(Stored entries)
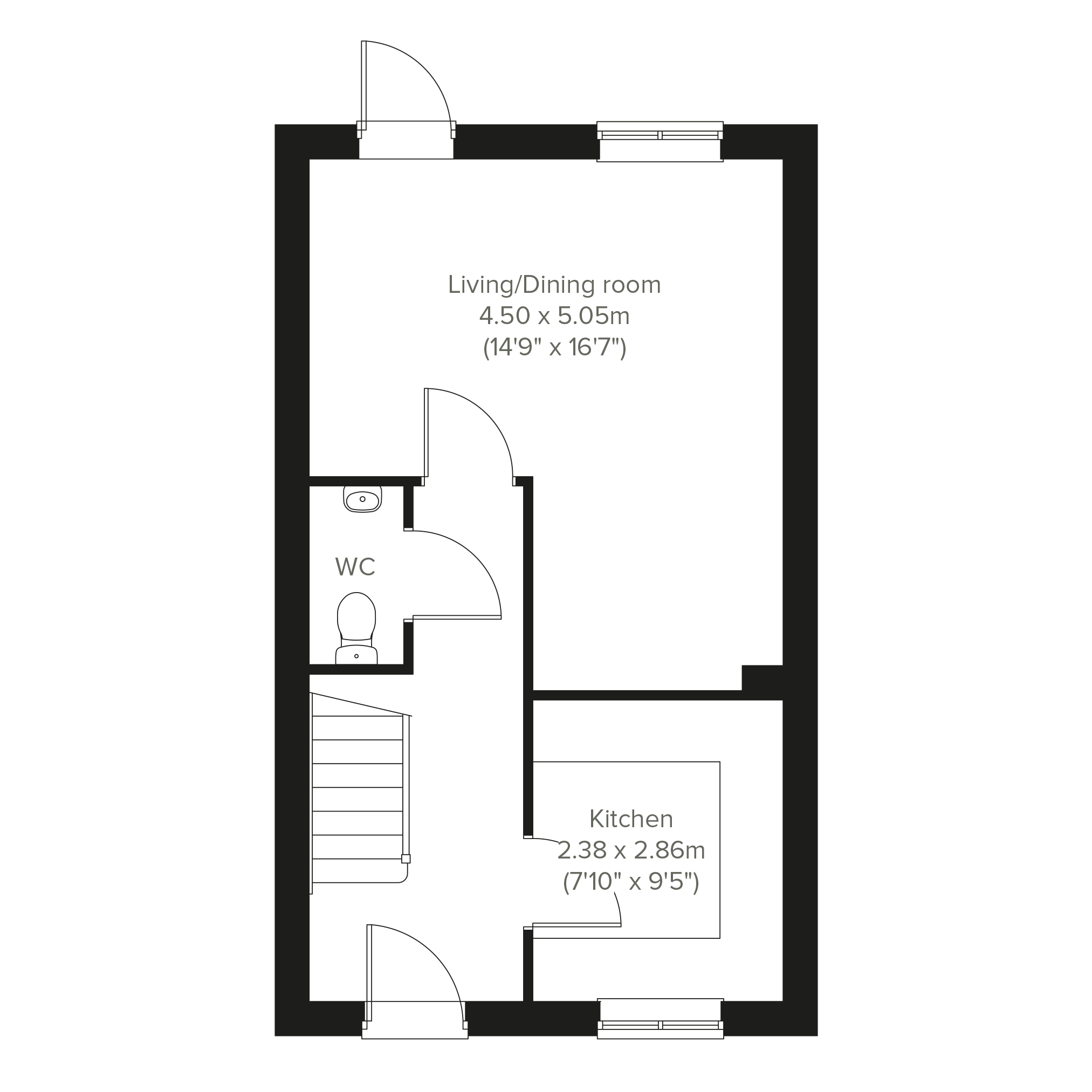 The Rochester is a two-bedroom home, perfect for couples or young families. The ground floor boasts a modern kitchen, a spacious living/dining room with doors leading to the garden and a convenient WC. Upstairs, there are two bedrooms, a family bathroom and two further storage cupboards, making this home both practical and stylish.
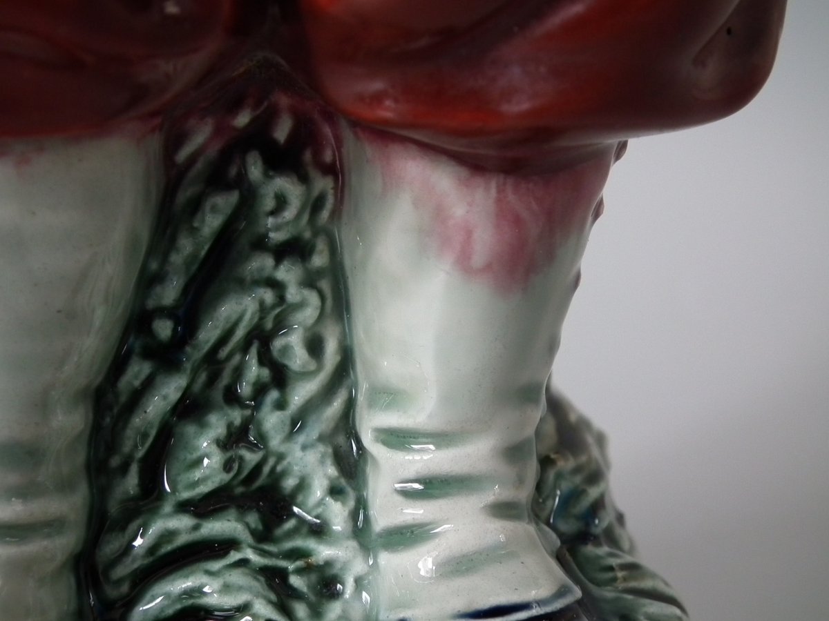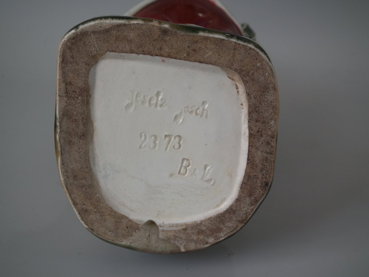 The pipe forms a pouring spout. The dog's hat forms the lid. Colouration: brown, red, grey, are predominant.
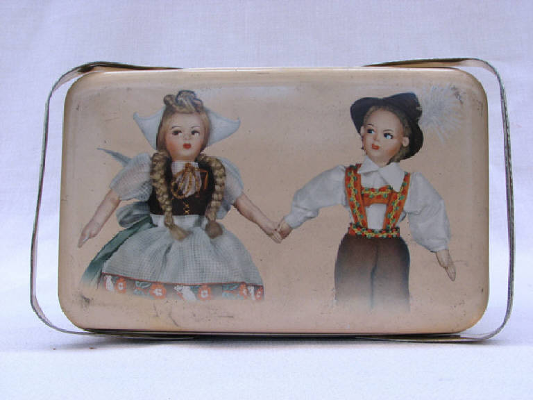 trattasi di una scatola metallica a forma di un bauletto parallelepipedo con due manici girevoli, con coperchio , serigrafata con disegni vari su tutti i lati ad eccezione della base d'appoggio.Il motivo principale disegnato sul coperchio è rappresentato da due ragazzi che si tengono per mano.
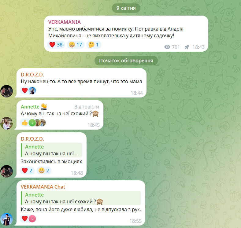 "Упс, должны извиниться за ошибку. Поправка от Андрея Михайловича – это воспитательница в детском садике", – говорится в новом посте.
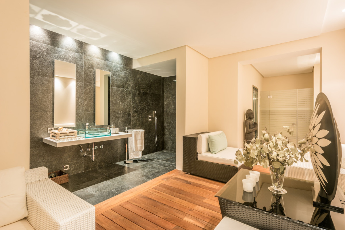 - Voorzieningen: Inbouwkasten, fitnessruimte, gastenappartement, marmeren vloeren
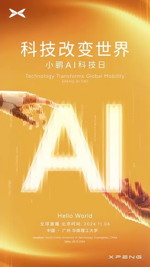 站在新十年的起点上,小鹏汽车致力于成为一家面向全球的AI汽车公司。今日,小鹏汽车董事长 CEO何小鹏正式宣布“小鹏1024科技日”正式升级为“小鹏AI科技日”,并将在华南理工大学举办。小鹏汽车将以全球直播的形式,分享小鹏在AI汽车、AI机器人以及飞行汽车等领域的成果,与全世界的鹏友们一起感受科技的魅力。

Problem description — An exact copy of the records above is needed, free of pictures.

Answer box —
 The Rochester is a two-bedroom home, perfect for couples or young families. The ground floor boasts a modern kitchen, a spacious living/dining room with doors leading to the garden and a convenient WC. Upstairs, there are two bedrooms, a family bathroom and two further storage cupboards, making this home both practical and stylish.
 The pipe forms a pouring spout. The dog's hat forms the lid. Colouration: brown, red, grey, are predominant.
 trattasi di una scatola metallica a forma di un bauletto parallelepipedo con due manici girevoli, con coperchio , serigrafata con disegni vari su tutti i lati ad eccezione della base d'appoggio.Il motivo principale disegnato sul coperchio è rappresentato da due ragazzi che si tengono per mano.
 "Упс, должны извиниться за ошибку. Поправка от Андрея Михайловича – это воспитательница в детском садике", – говорится в новом посте.
 - Voorzieningen: Inbouwkasten, fitnessruimte, gastenappartement, marmeren vloeren
 站在新十年的起点上,小鹏汽车致力于成为一家面向全球的AI汽车公司。今日,小鹏汽车董事长 CEO何小鹏正式宣布“小鹏1024科技日”正式升级为“小鹏AI科技日”,并将在华南理工大学举办。小鹏汽车将以全球直播的形式,分享小鹏在AI汽车、AI机器人以及飞行汽车等领域的成果,与全世界的鹏友们一起感受科技的魅力。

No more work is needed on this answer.